The U.S. Supreme Court granted the June 2 motion of all parties to extend the merits brief schedule in Loper Bright Enterprises v. Raimondo, said a text-only docket entry Friday (docket 22-451). Petitioner Loper Bright’s brief is due July 10, the respondents’ brief Aug. 30, said the entry. The case could have broad implications for the Chevron deference afforded agencies to properly interpret and enforce the federal statutes under their authority (see 2305010038).
The U.S. Supreme Court declined Monday to hear a petition from two dozen iPhone users seeking uniformity on appellate courts' decision-making over whether FCC guidelines “impliedly preempt” state law claims about RF safety (see 2301270065). In rejecting the case, SCOTUS, as is the norm, didn't provide reasoning. The petition sought a reversal of the 9th U.S. Circuit Court of Appeals Aug. 26 opinion, affirming the district court’s summary judgment for Apple, based on federal law preemption of the state law claims. Children’s Health Defense and other RF safety advocates urged the court to hear the case. Matthew Wessler, lead lawyer for plaintiffs, and Children’s Health Defense didn’t comment Monday. SCOTUS also denied Berkeley, California's motion to file an amicus brief (see 2303160007).

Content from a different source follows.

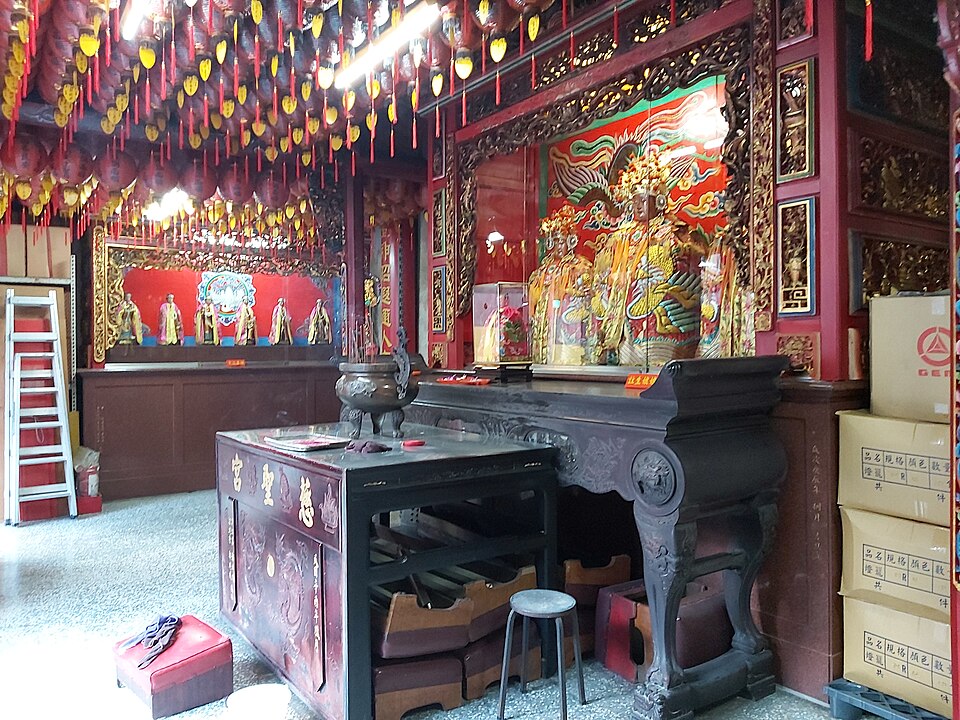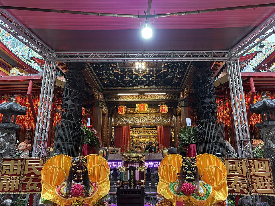 Au cœur du plus vieux quartier de Taipei, Wanhua, se dresse le temple Longshan. Il a été érigé au XVIIIe siècle par des immigrants venus du Fujian (Chine continentale). C’est l’un des lieux de culte les plus anciens et les plus fréquentés de la ville. Classé monument historique national en 2018, il incarne le style classique du sud de la Chine. Reconstruit après les séismes puis les bombardements alliés de 1945, le temple est un espace vivant, où les pratiques religieuses traditionnelles s’inscrivent dans le quotidien. Dès l’entrée, le visiteur est accueilli par des toits en « queue d’hirondelle » d’une finesse rare et des colonnes de bronze uniques à Taïwan, où des dragons sculptés semblent s’animer. Le tumulte de la ville s’efface derrière la fumée des bâtons d’encens et les prières. Des fidèles déposent des offrandes de fleurs et de fruits frais sur de longues tables rouges. Le temple abrite plus d’une centaine de divinités. La figure centrale est Guanyin, la déesse de la Miséricorde, dont la statue est miraculeusement restée intacte lors des bombardements de la Seconde Guerre mondiale.

The U.S. Supreme Court distributed for the justices’ May 18 conference the cert petition from two dozen iPhone users seeking to bring uniformity to the appellate courts’ decision-making over whether FCC guidelines “impliedly preempt” state law claims about RF radiation cellphone safety (see 2301270065), said a text-only docket entry Tuesday (docket 22-698). The petition seeks a reversal of the 9th U.S. Circuit Court of Appeals Aug. 26 opinion, affirming the district court’s summary judgment for Apple, based on federal law preemption of the state law claims.